Control of rapC P1 by CodY. Strains containing a P1-lacZ fusion were grown in minimal medium with the indicated additions, and β-galactosidase specific activity is plotted as a function of OD₆₀₀. Shown are data from one of at least three independent experiments. wt, wild type (IRN289) grown without and with Casamino Acids (+CAA); ΔcodY (+CAA), IRN299 grown with Casamino Acids. unkU::spc, which was used as a selectable maker in the transformation of the ΔcodY marker, had no effect on expression of P1-lacZ (data not shown). codY had no effect in the absence of Casamino Acids (data not shown).

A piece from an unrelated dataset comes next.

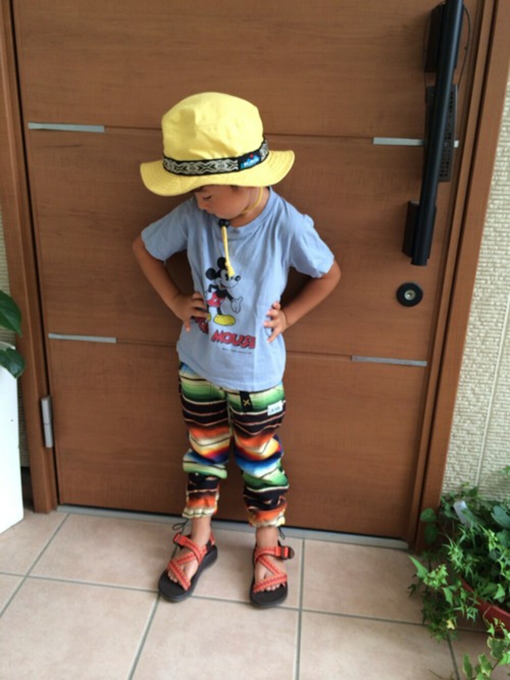 アウトドアスタイル!VintageのTシャツに、ハット、足元にはCHACOのサンダルを合わせた本格仕様!スソ部分に調整ゴム入りで、スソの長さ調節が可能です。夏のアウトドアにも、秋からも使えるパンツです!

Apparent differences in P1-lacZ expression between Fig. 3 and 5 at high ODs are due to extra data points after the end of cell growth in Fig. 5 and daily variation.

FIG. 6

Expression of phrC P2. Strains containing a P2-lacZ fusion were grown in defined minimal medium, and β-galactosidase specific activity is plotted as a function of time relative to entry into stationary phase. The data are not plotted as a function of cell density because upon entry into stationary phase there is little increase in culture density but a significant increase in specific activity. Shown are data from one of at least three independent experiments. Time zero is defined as the end of exponential growth. (A) wt, wild type (IRN238); comA, IRN250; spo0H, IRN243. (B) WT, wild type (IRN238); spo0A, IRN249; spo0A abrB, IRN252.

FIG. 7

Expression of (P1, P2)-lacZ. Strains containing the (P1, P2)-lacZ fusion were grown in defined minimal medium, and β-galactosidase specific activity is plotted as a function of time. Shown are data from one of at least three independent experiments. Time zero is defined as the end of exponential growth. (A) wt, wild type (IRN235); comA, IRN277; spo0H, IRN273. (B) wt, wild type (IRN235); spo0A, IRN246; spo0A abrB, (BAL6).

FIG. 8

Accumulation of extracellular CSF. Conditioned medium was collected at different times during growth and assayed for CSF (Materials and Methods). Shown are data from one of three independent experiments. The levels of CSF measured for a particular strain during exponential growth varied by ∼10% from experiment to experiment. During stationary phase, this variability increased to ∼25%. Time zero is defined as the end of exponential growth. (A) open squares, wild type (wt; AG174); filled triangles, comA (JRL192); open circles, spo0H (AG665). (B) Data from panel A replotted to compare comA and spo0H mutants.